:: EXERCISE MATERIAL ::

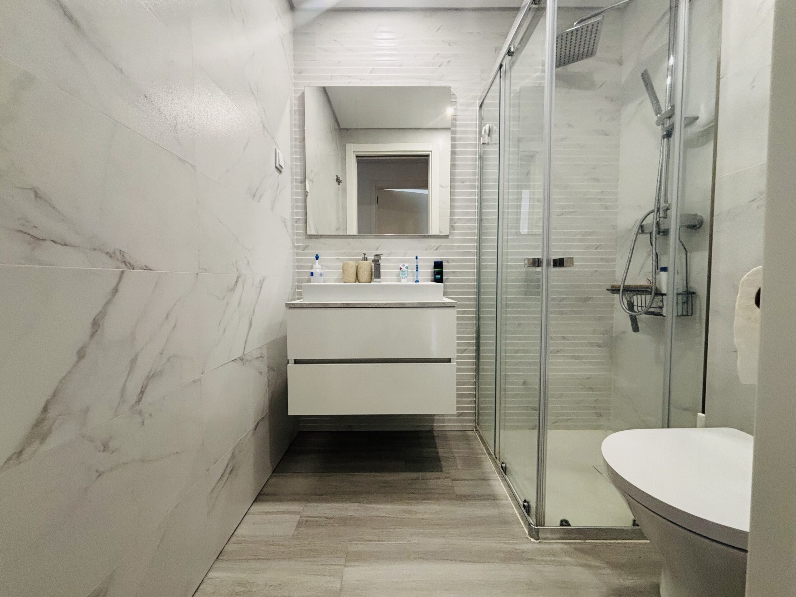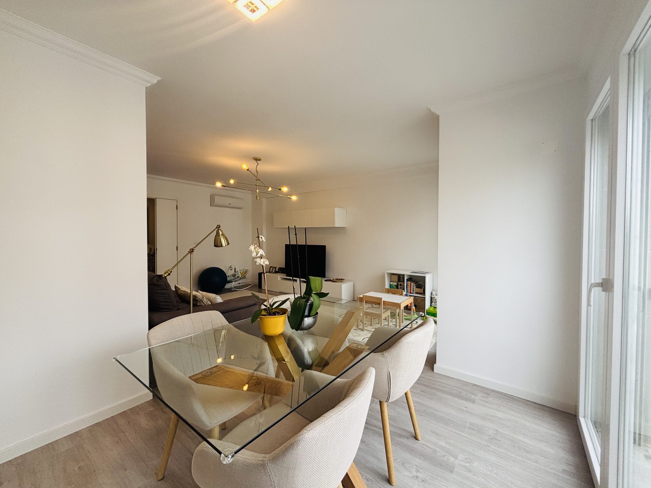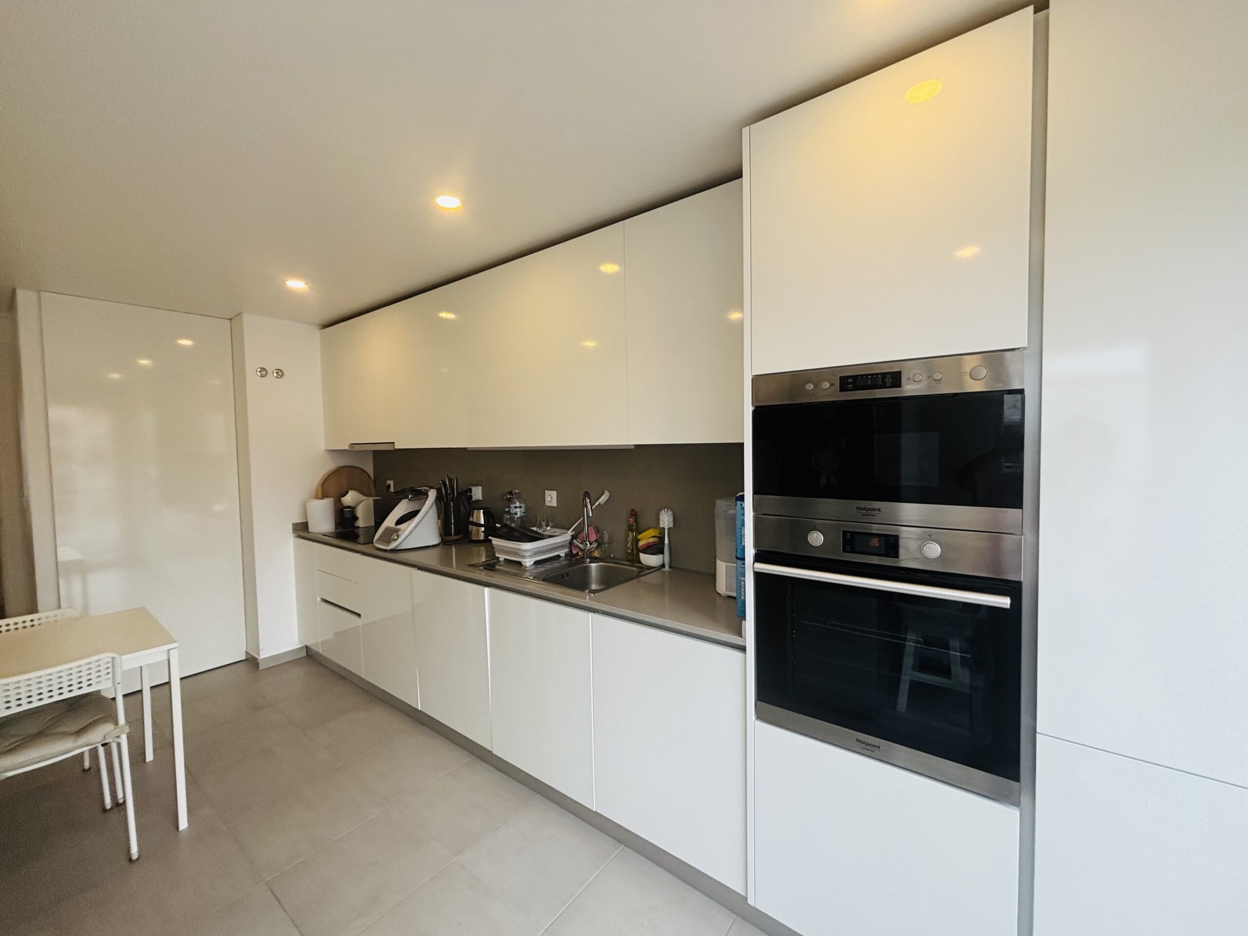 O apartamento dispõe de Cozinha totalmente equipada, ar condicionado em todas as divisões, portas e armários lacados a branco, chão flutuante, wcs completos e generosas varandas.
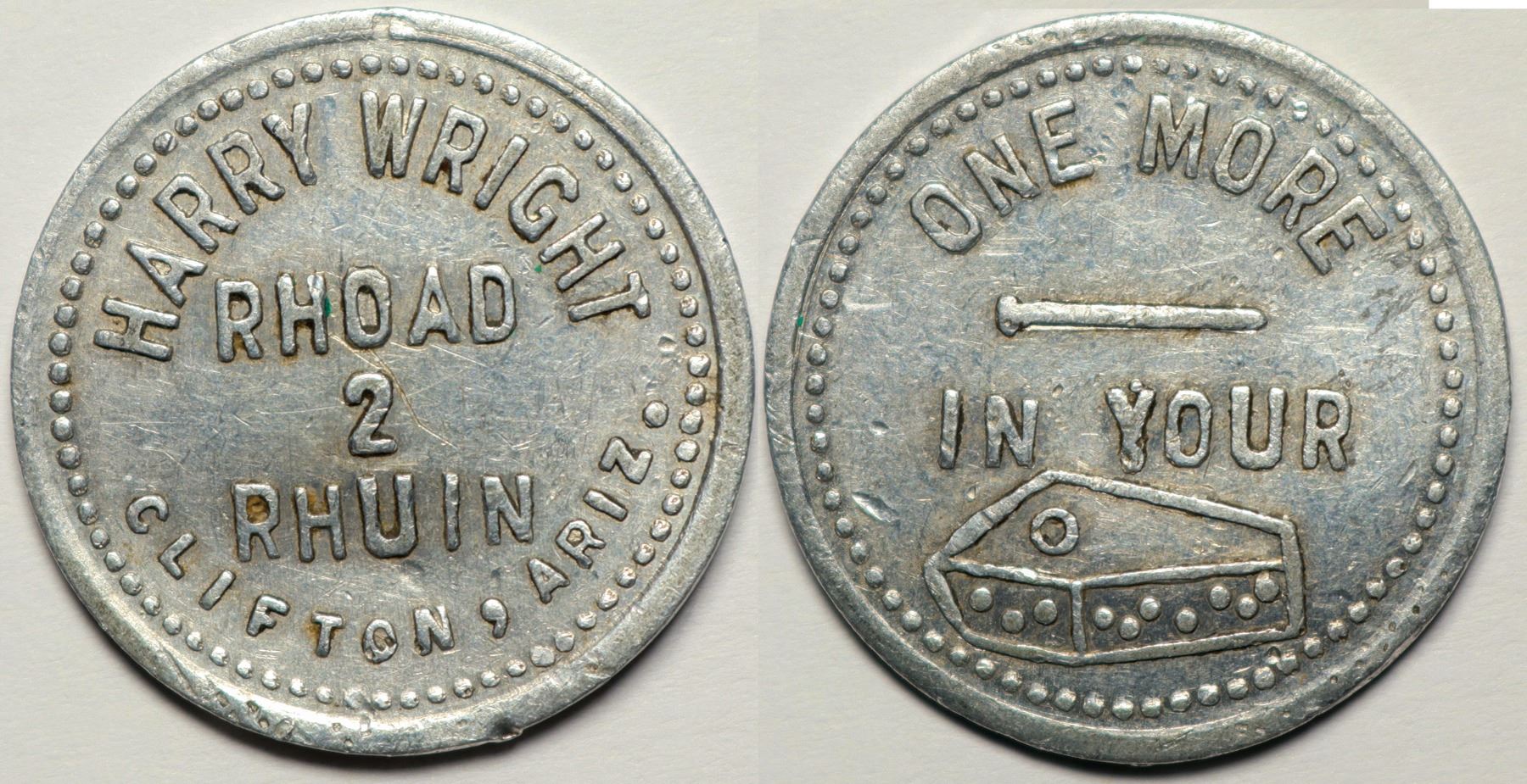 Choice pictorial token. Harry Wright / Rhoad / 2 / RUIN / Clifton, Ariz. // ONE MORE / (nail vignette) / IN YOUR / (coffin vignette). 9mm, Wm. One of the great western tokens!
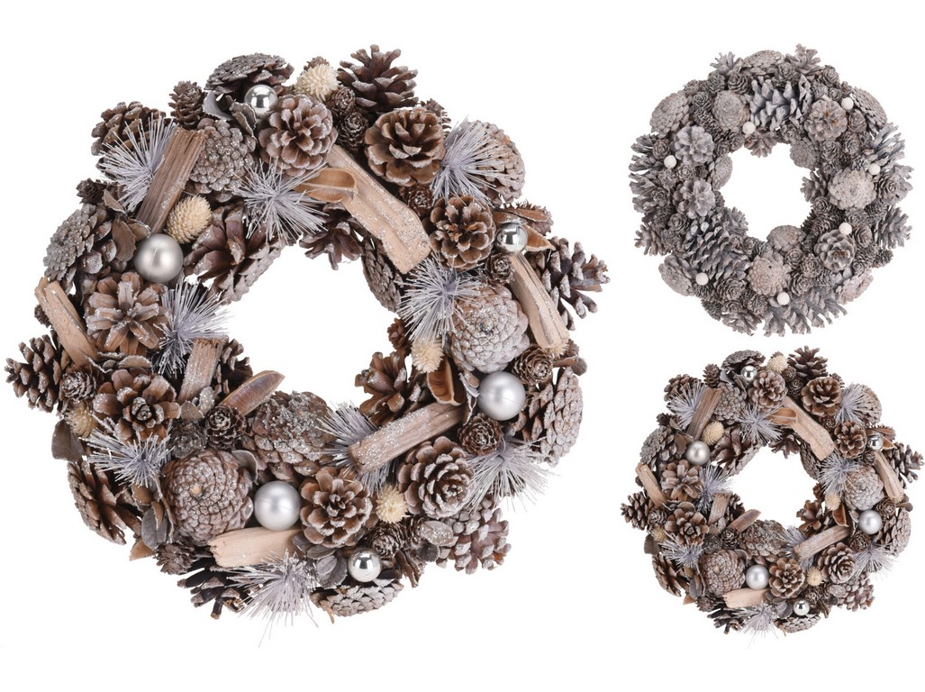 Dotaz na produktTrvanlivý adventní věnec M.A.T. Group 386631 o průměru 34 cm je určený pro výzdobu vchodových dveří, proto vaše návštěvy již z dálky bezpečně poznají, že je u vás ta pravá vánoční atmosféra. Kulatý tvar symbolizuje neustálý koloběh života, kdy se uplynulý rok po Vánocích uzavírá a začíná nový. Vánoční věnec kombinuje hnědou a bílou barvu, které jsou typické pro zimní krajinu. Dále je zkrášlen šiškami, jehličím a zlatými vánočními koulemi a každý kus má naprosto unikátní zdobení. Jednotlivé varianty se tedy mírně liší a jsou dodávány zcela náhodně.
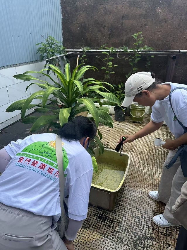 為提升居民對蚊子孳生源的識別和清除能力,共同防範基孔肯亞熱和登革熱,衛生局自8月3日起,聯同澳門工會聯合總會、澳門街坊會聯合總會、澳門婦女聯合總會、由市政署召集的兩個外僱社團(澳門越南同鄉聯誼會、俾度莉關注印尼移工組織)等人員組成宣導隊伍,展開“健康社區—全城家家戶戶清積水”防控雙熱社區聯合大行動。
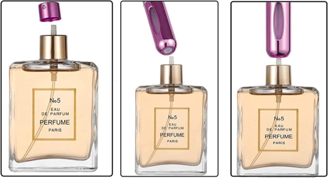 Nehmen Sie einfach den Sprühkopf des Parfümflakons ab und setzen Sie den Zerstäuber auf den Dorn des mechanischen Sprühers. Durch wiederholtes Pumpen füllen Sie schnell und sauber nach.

:: PROBLEM TO WORK ON ::
Leaving the pictures aside, give back all the records exactly as they are.

:: RESPONSE BELOW ::
 O apartamento dispõe de Cozinha totalmente equipada, ar condicionado em todas as divisões, portas e armários lacados a branco, chão flutuante, wcs completos e generosas varandas.
 Choice pictorial token. Harry Wright / Rhoad / 2 / RUIN / Clifton, Ariz. // ONE MORE / (nail vignette) / IN YOUR / (coffin vignette). 9mm, Wm. One of the great western tokens!
 Dotaz na produktTrvanlivý adventní věnec M.A.T. Group 386631 o průměru 34 cm je určený pro výzdobu vchodových dveří, proto vaše návštěvy již z dálky bezpečně poznají, že je u vás ta pravá vánoční atmosféra. Kulatý tvar symbolizuje neustálý koloběh života, kdy se uplynulý rok po Vánocích uzavírá a začíná nový. Vánoční věnec kombinuje hnědou a bílou barvu, které jsou typické pro zimní krajinu. Dále je zkrášlen šiškami, jehličím a zlatými vánočními koulemi a každý kus má naprosto unikátní zdobení. Jednotlivé varianty se tedy mírně liší a jsou dodávány zcela náhodně.
 為提升居民對蚊子孳生源的識別和清除能力,共同防範基孔肯亞熱和登革熱,衛生局自8月3日起,聯同澳門工會聯合總會、澳門街坊會聯合總會、澳門婦女聯合總會、由市政署召集的兩個外僱社團(澳門越南同鄉聯誼會、俾度莉關注印尼移工組織)等人員組成宣導隊伍,展開“健康社區—全城家家戶戶清積水”防控雙熱社區聯合大行動。
 Nehmen Sie einfach den Sprühkopf des Parfümflakons ab und setzen Sie den Zerstäuber auf den Dorn des mechanischen Sprühers. Durch wiederholtes Pumpen füllen Sie schnell und sauber nach.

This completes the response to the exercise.